▶ PROVIDED RECORDS:
###

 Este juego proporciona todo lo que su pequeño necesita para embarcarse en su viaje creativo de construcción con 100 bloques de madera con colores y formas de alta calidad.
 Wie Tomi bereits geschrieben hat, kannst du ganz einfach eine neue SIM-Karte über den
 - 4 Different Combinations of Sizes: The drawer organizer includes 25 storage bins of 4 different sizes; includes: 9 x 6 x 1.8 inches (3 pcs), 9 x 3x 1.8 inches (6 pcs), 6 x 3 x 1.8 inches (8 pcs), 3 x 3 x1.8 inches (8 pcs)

###

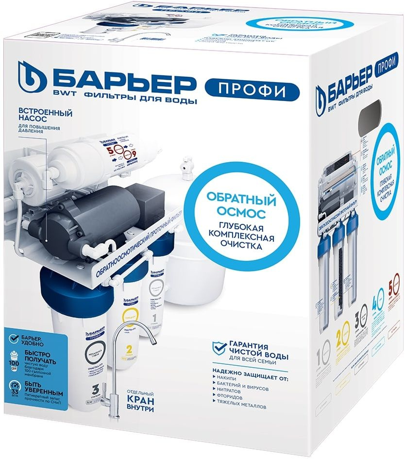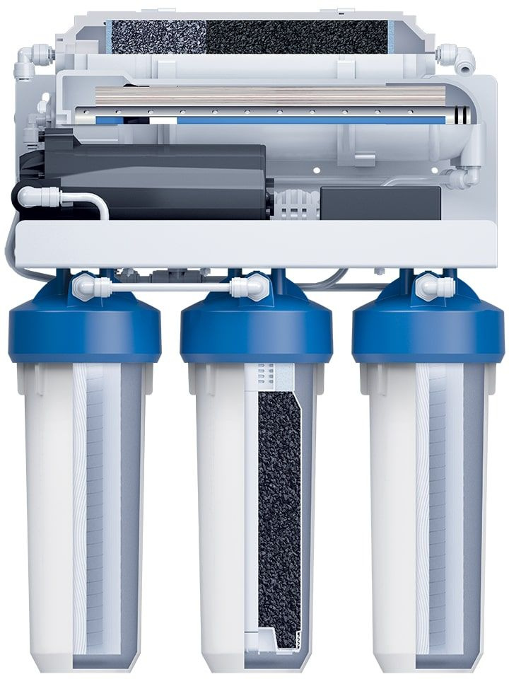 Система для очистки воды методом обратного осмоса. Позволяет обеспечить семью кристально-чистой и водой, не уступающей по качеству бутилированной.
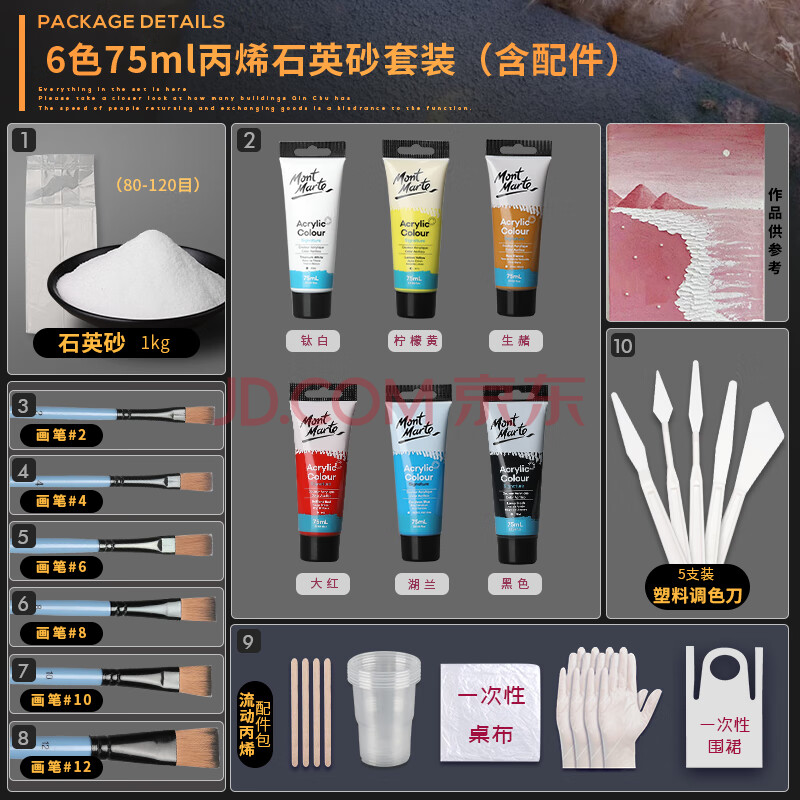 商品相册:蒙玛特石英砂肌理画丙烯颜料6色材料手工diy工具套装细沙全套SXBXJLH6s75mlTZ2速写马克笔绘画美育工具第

###

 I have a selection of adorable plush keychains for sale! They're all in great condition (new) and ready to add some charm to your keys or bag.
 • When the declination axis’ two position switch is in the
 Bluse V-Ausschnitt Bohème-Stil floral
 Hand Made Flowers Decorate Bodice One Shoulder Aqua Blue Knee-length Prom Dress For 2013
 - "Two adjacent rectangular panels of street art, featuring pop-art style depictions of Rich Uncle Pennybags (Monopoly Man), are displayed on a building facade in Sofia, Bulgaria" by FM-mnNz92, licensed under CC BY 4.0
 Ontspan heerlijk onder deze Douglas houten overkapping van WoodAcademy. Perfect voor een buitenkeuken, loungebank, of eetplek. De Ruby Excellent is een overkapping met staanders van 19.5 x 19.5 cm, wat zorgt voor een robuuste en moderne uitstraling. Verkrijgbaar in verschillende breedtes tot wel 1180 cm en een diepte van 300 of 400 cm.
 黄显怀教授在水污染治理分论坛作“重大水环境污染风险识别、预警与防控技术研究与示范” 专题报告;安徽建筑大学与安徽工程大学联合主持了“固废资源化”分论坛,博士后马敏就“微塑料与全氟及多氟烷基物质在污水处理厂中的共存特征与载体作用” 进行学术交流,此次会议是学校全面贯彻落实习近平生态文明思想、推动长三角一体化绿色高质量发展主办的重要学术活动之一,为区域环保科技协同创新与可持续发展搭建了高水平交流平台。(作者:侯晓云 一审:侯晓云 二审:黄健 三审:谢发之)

###

▶ ACTIVITY:
Could you retype exactly the lines above, starting at the line that contains "under CC BY 4.0" and ending at the line that contains "一审:侯晓云 二审:黄健 三审:谢发之)", and nothing more?

▶ SOLVED EXERCISE:
 - "Two adjacent rectangular panels of street art, featuring pop-art style depictions of Rich Uncle Pennybags (Monopoly Man), are displayed on a building facade in Sofia, Bulgaria" by FM-mnNz92, licensed under CC BY 4.0
 Ontspan heerlijk onder deze Douglas houten overkapping van WoodAcademy. Perfect voor een buitenkeuken, loungebank, of eetplek. De Ruby Excellent is een overkapping met staanders van 19.5 x 19.5 cm, wat zorgt voor een robuuste en moderne uitstraling. Verkrijgbaar in verschillende breedtes tot wel 1180 cm en een diepte van 300 of 400 cm.
 黄显怀教授在水污染治理分论坛作“重大水环境污染风险识别、预警与防控技术研究与示范” 专题报告;安徽建筑大学与安徽工程大学联合主持了“固废资源化”分论坛,博士后马敏就“微塑料与全氟及多氟烷基物质在污水处理厂中的共存特征与载体作用” 进行学术交流,此次会议是学校全面贯彻落实习近平生态文明思想、推动长三角一体化绿色高质量发展主办的重要学术活动之一,为区域环保科技协同创新与可持续发展搭建了高水平交流平台。(作者:侯晓云 一审:侯晓云 二审:黄健 三审:谢发之)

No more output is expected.